Jack Sullivan has an extensive story about restrictive covenants that the Boston Archdiocese and the Springfield Archdiocese place on property that they sell in the summer issue of CommonWealth. Sullivan lists some of the restrictive covenants. One property in Holyoke has restrictions against an abortion clinic, exotic dance club, or satanic materials. One property in Lowell has restrictions against "prurient activity," including nude, semi-nude or sexually suggestive activity or entertainment, production, publication, display, or promotion of pornography. A property in Cambridge has restrictions for housing use only and a property is Lawrence is restricted against use by a charter school.
Property professors will love this -- and I'm going to use some of these examples in my property class this fall. There are a ton of interesting things to talk about here. I suspect some of these restrictions are enforceable -- like the ones against the exotic dance club. And some of these are understandable when the church is thinking about protecting its schools, such as the restriction of property for use by a charter school. I'd want to look at Massachusetts competition law on this; my guess would be that's a reasonable restriction, but I'd want to know a lot more about the neighborhood and alternative property the charter school. This restriction on use might be struck down as unreasonable.

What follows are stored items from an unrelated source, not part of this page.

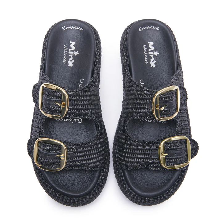 Relax is a rattan slide that brings effortless summer style to your wardrobe. Dual adjustable Velcro buckles let you personalise the fit, with metal finishes that complement each rattan colourway. The open round toe and full rattan jute-wrapped, sculptural sole combine modern comfort with elevated design. Open at the heel and inspired by artisanal craftsmanship, Relax transforms casual dressing, perfect with linen separates, pattern twin sets or denim weekend looks.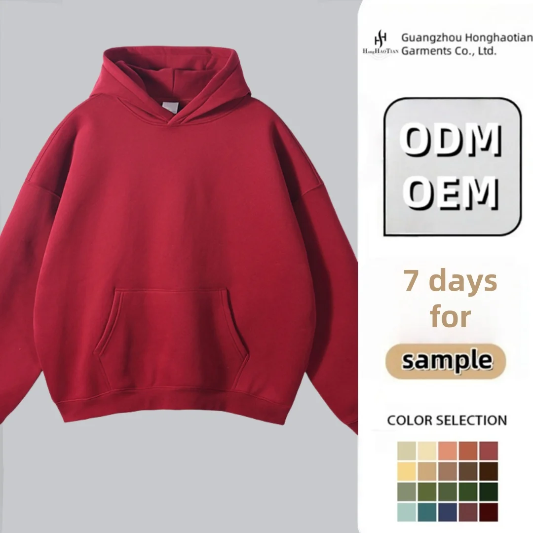 High Quality 380g No Strings Blank Fleece Drop Shoulder Hoodies Men Cotton Pullover Wholesale Custom Printing Embroidery Hoodies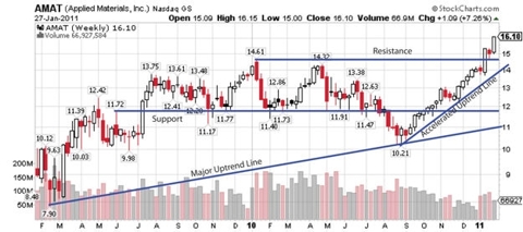 Hitting a low of $10.21 in August 2010, AMAT broke above previous resistance at $12 in October 2010 and has been on an accelerated uptrend (labelled on chart above) ever since.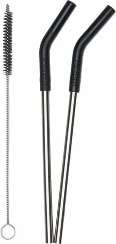 Twee rietjes van roestvrijstaal en siliconen. Ideale vervangers voor wegwerprietjes. Met borsteltje om eenvoudig schoon te maken

What interests me in particular are the restrictions on abortion. Couple of things to think about here. The Restatement Third of Servitudes § 3.1 -- if applied in Massachusetts -- would be a problem for the enforcement. Recall that § 3.1 construes a servitude that unreasonably burdens a fundamental constitutional right as a violation of public policy. (I get the restatement's references to constitutional rights in this private law context is odd and I'm always somewhat confused by it.) But even if Massachusetts doesn't follow § 3.1, I would be surprised if a court thought that restriction were enforceable. That seems like an expansive intrusion the rights of the new owner, the kind that courts would likely think goes too far. Another problem is that the benefit is probably not even appurtenant to any surrounding property. That seems like the benefit's probably in gross and thus the burden is unlikely to run. I looked at a couple of these deeds a few months ago and they say that the restrictions are for the benefit of the property the church retains, but in some cases that property is miles away from the property that's being sold. And then there's the issue of Shelley v. Kraemer. Assuming Shelley continues as good law, the enforcement of the covenant through the courts would be state action. This would be subject to an analysis the same as a municipality passing a zoning ordinance that restricted abortion, I would think. Perhaps it could pass, but I'd be very skeptical.
But my guess is that these restrictions, as so many, are really more about making a statement about the seller's values than thinking that they're really going to be enforced. Anyway, lots of things to talk about in there and just in time for planning the fall property class!